Однажды вечером ему пригрезилось странное видение. Он вернулся на этот раз домой, когда было еще совсем светло. Тетушка Плутарх немного захворала и легла в постель еще до его прихода. Старик пообедал костью, на которой оставалось немного мяса, и куском хлеба, найденным им на кухонном столе, потом отправился в сад и уселся там на опрокинутую каменную тумбу, служившую ему скамейкой.
Возле его сиденья стоял, как это бывало в старинных плодовых садах, большой, полуразвалившийся двухъярусный ящик, сколоченный из брусьев и досок; нижнее отделение ящика было устроено для кроликов, а верхнее – для хранения плодов. В настоящее время кроликов не было, зато от зимнего запаса оставалось еще немного яблок.
Мабеф надел очки и принялся перелистывать и читать две книжки, которые последнее время сильно его интересовали и даже увлекали, что было еще важнее в его годы. Природная робость делала его восприимчивым к известной дозе суеверия. Одна из занимавших его книг было знаменитое исследование президента Деланкра «О непостоянстве демонов», другая, в четвертую долю листа, носила заглавие «О вовертских дьяволах и бьеврских домовых», автором которой был Мютор де ла Рюбодьер. Последняя книжка особенно интересовала Мабефа потому, что его сад был одним из описанных в ней мест, где водились домовые.
Под влиянием спускавшихся сумерек небо начало белеть, а земля стала чернеть. Читая, Мабеф временами бросал взгляд на свои растения, с особенной любовью останавливаясь на великолепном рододендроне, его первом любимце. Четвертый день стояла сильная жара без единой капли дождя, и растения сильно страдали: стебли гнулись, цветочные чашечки уныло повисли, и свернувшиеся от зноя листы опадали. Более других страдал рододендрон.
Мабеф был из тех людей, которые считают, что и растения имеют душу. Хотя старик был разбит усталостью, проработав целый день над своим индиго, но он все-таки заставил себя подняться с места, чтобы полить погибавшие от недостатка влаги цветы. Положив книги на тумбу, сгорбившись, он неверными шагами побрел к колодцу. Но, взявшись за цепь у колодца, он не в силах был даже снять ее с крючка. Мабеф обернулся и поднял полный смертельной тоски взор к небу, на котором начали выступать звезды.
Вечер отличался той ясностью, которая имеет свойство заглушать человеческие горести какою-то смутною, но беспредельною радостью. Ночь обещала быть такою же сухою, как и день. «Сколько звезд, – прошептал старик, – и ни малейшего облачка, ни одной капельки дождя!» И голова его, приподнявшаяся было на мгновение, снова тяжело опустилась на грудь. Но он вторично поднял ее и, посмотрев на небо, опять пробормотал: «Хотя бы одна росинка! Хотя бы немного жалости!» Он вторично повернулся к колодцу и попытался еще раз снять цепь с крючка, но так же безуспешно, как и в первый раз.
Вдруг он услышал голос:
– Дедушка Мабеф, хотите, я полью ваш сад? – проговорил кто-то.

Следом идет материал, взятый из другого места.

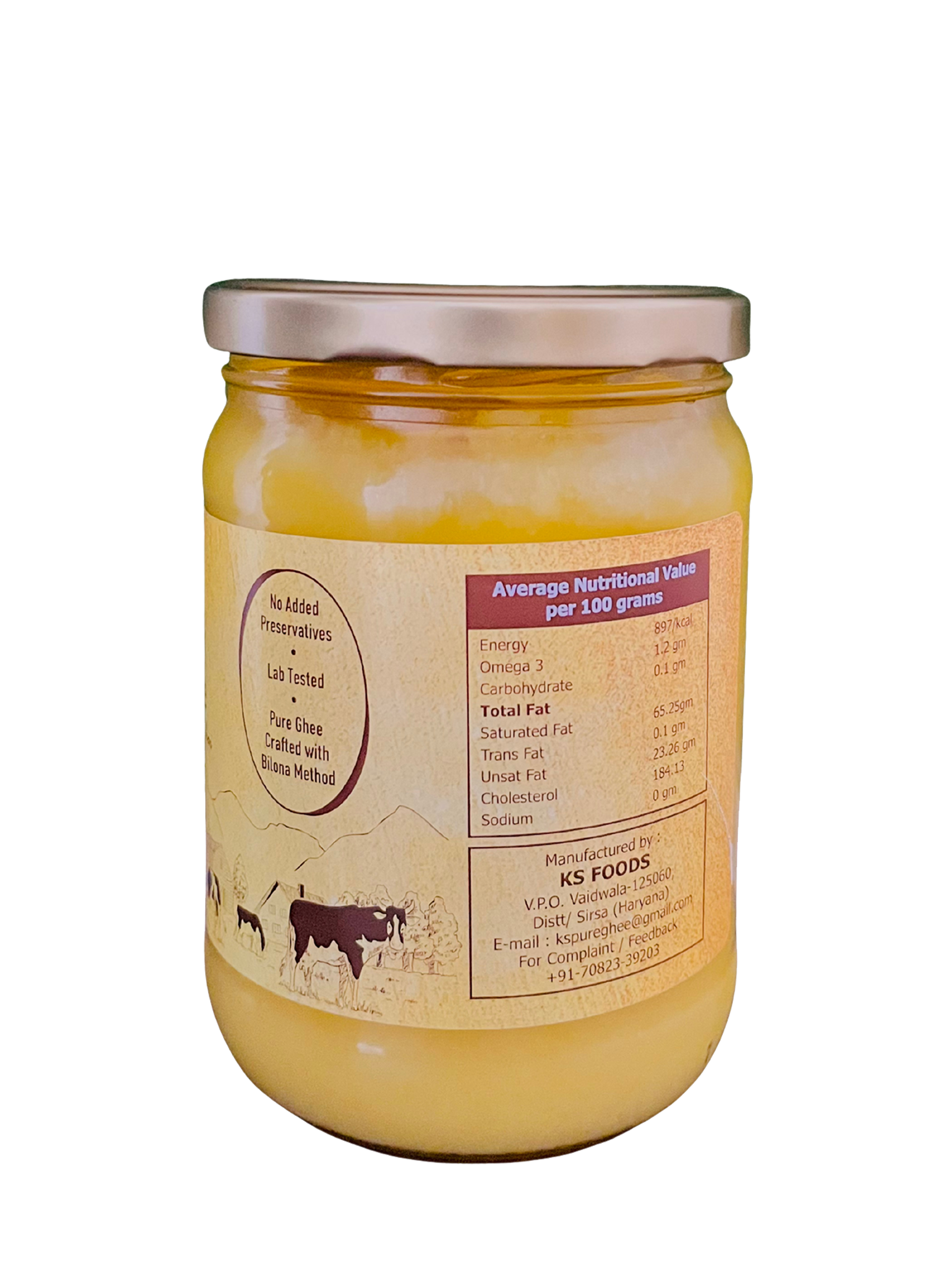 Our ghee is free from preservatives, chemicals, and artificial flavors, ensuring you get the purest form of nourishment — just like it’s meant to be. Rich in Omega-3 fatty acids, vitamins A, D, E & K, and good cholesterol, it boosts immunity, improves digestion, and adds a delightful taste to every meal.

Вместе с тем в кустах послышался такой шорох, точно по ним пробирался зверь, и вслед за тем перед стариком очутилась высокая худая девушка, смело смотревшая ему в глаза. Она скорее походила на призрак, образовавшийся из сумерек, чем на человеческое существо. Мабеф не успел еще ответить, будучи, как мы уже видели, очень пуглив и робок, как странное существо, неизвестно откуда вынырнувшее, с резкими движениями животного сняло с крючка колодезную цепь, опустило в колодец ведро и вытащило его оттуда обратно, затем наполнило лейку и быстро начало носиться между клумбами, орошая их живительной влагой.
Старик в немом изумлении смотрел на это таинственное существо с босыми ногами, в короткой обтрепанной юбке, и с восторгом прислушивался к тому, как по листьям растений стекала вода. Он был уверен, что теперь рододендрон наслаждается счастьем.
Опорожнив ведро, загадочная незнакомка наполнила его во второй раз, потом в третий. Она полила весь сад. Глядя на нее, как она черным силуэтом летала по аллеям, размахивая длинными костлявыми руками под изорванной косынкой, ее можно было принять за нечто вроде большой летучей мыши.
Когда она закончила, старик со слезами на глазах подошел к ней, положил ей руку на голову и сказал растроганным голосом:
– Да благословит вас Бог! Вы – ангел, если так любите цветы.
– Нет, – возразила она, – я – дьявол, но мне это все равно.
Не ожидая такого ответа и не расслышав ее слов, Мабеф продолжал:
– Какое горе, что я так беден и жалок, что не могу ничего сделать для вас!
– Кое-что вы можете сделать, – сказала незнакомка.
– Что же именно?
– Сказать мне, где живет Мариус.
Но старик, очевидно, не понял.
– Какой Мариус? – переспросил он и поднял свой мутный взор, точно вглядываясь во что-то далекое.
– Тот молодой человек, который иногда бывал у вас, – пояснила девушка.
Между тем Мабеф успел порыться в своей памяти и начал припоминать, о ком его спрашивают.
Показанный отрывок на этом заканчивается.